Directions for this task: Restate each entry below exactly; pictures stay out of the copy.

Given records:
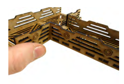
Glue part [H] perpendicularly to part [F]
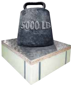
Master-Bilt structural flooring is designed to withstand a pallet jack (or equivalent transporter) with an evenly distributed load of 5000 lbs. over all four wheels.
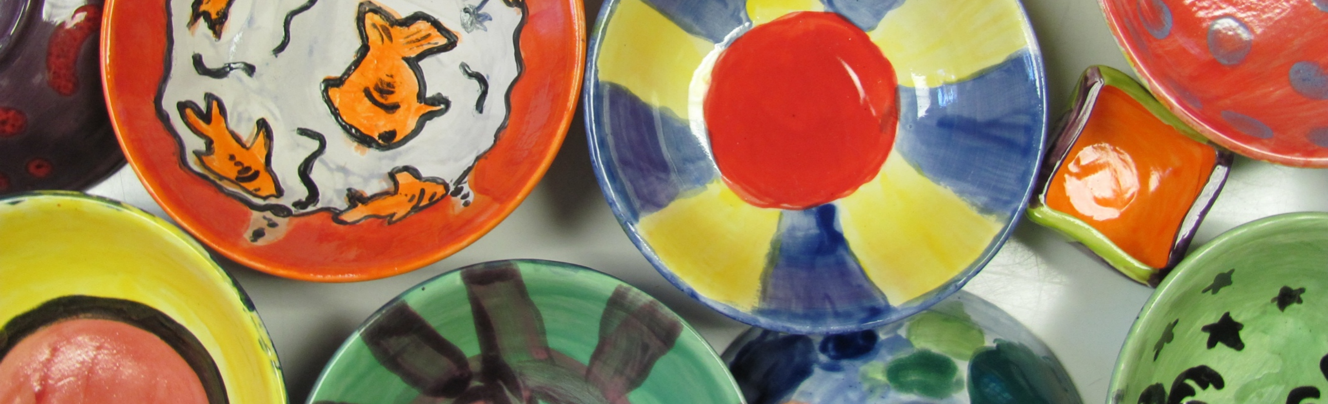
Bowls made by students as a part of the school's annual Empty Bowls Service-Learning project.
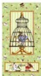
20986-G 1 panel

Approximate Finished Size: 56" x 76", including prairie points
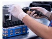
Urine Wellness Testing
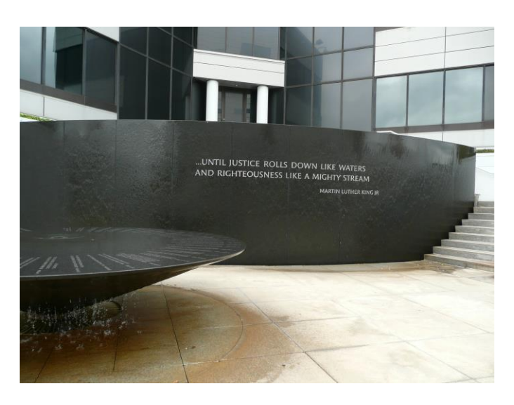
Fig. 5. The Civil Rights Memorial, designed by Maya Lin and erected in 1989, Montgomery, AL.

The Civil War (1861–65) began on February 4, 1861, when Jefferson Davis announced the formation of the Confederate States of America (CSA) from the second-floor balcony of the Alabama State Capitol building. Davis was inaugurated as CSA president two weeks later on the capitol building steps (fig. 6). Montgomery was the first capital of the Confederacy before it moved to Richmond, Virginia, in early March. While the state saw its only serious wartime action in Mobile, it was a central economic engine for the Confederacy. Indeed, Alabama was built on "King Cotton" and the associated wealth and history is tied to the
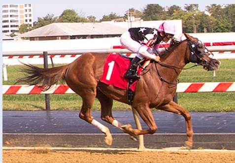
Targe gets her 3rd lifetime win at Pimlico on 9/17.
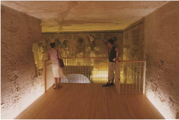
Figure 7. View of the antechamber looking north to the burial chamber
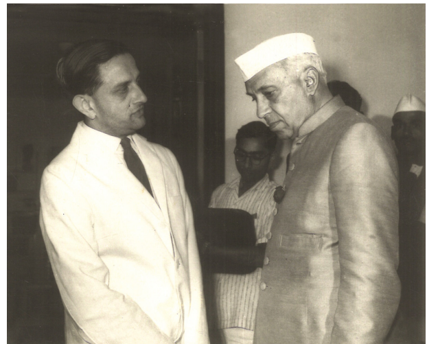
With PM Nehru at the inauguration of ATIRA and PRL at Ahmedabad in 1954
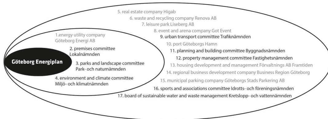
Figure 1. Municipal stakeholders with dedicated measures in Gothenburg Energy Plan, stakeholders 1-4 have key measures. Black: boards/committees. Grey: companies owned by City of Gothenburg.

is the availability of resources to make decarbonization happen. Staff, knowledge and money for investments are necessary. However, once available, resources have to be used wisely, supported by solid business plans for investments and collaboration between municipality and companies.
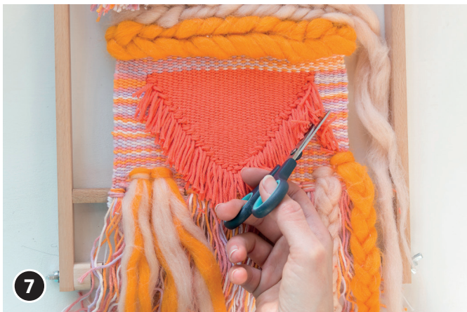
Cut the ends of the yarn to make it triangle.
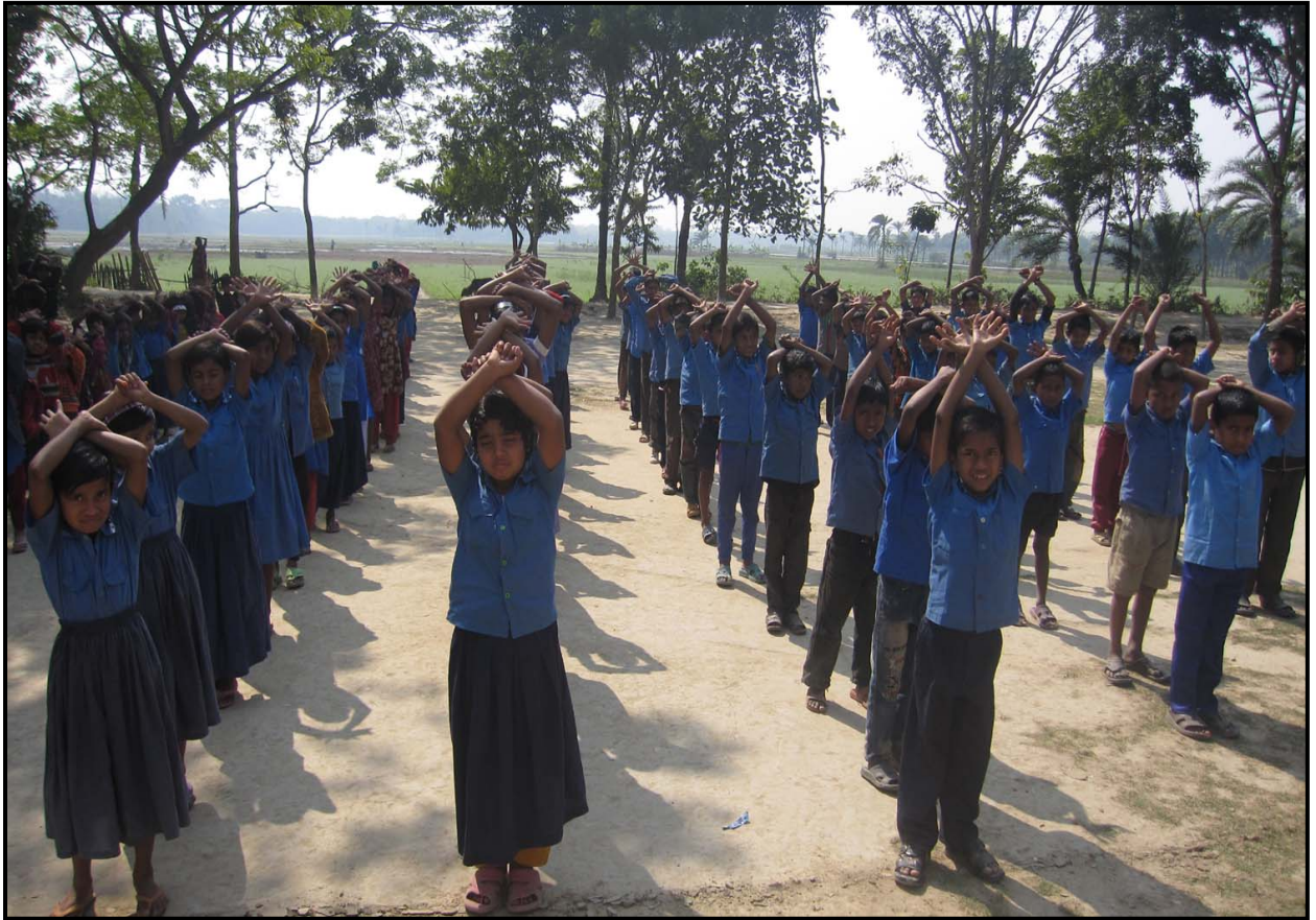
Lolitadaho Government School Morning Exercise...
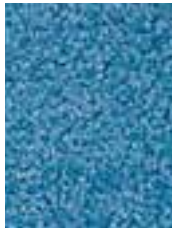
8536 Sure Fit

Solution to this exercise:
Glue part [H] perpendicularly to part [F]
Master-Bilt structural flooring is designed to withstand a pallet jack (or equivalent transporter) with an evenly distributed load of 5000 lbs. over all four wheels.
Bowls made by students as a part of the school's annual Empty Bowls Service-Learning project.
20986-G 1 panel

Approximate Finished Size: 56" x 76", including prairie points
Urine Wellness Testing
Fig. 5. The Civil Rights Memorial, designed by Maya Lin and erected in 1989, Montgomery, AL.

The Civil War (1861–65) began on February 4, 1861, when Jefferson Davis announced the formation of the Confederate States of America (CSA) from the second-floor balcony of the Alabama State Capitol building. Davis was inaugurated as CSA president two weeks later on the capitol building steps (fig. 6). Montgomery was the first capital of the Confederacy before it moved to Richmond, Virginia, in early March. While the state saw its only serious wartime action in Mobile, it was a central economic engine for the Confederacy. Indeed, Alabama was built on "King Cotton" and the associated wealth and history is tied to the
Targe gets her 3rd lifetime win at Pimlico on 9/17.
Figure 7. View of the antechamber looking north to the burial chamber
With PM Nehru at the inauguration of ATIRA and PRL at Ahmedabad in 1954
Figure 1. Municipal stakeholders with dedicated measures in Gothenburg Energy Plan, stakeholders 1-4 have key measures. Black: boards/committees. Grey: companies owned by City of Gothenburg.

is the availability of resources to make decarbonization happen. Staff, knowledge and money for investments are necessary. However, once available, resources have to be used wisely, supported by solid business plans for investments and collaboration between municipality and companies.
Cut the ends of the yarn to make it triangle.
Lolitadaho Government School Morning Exercise...
8536 Sure Fit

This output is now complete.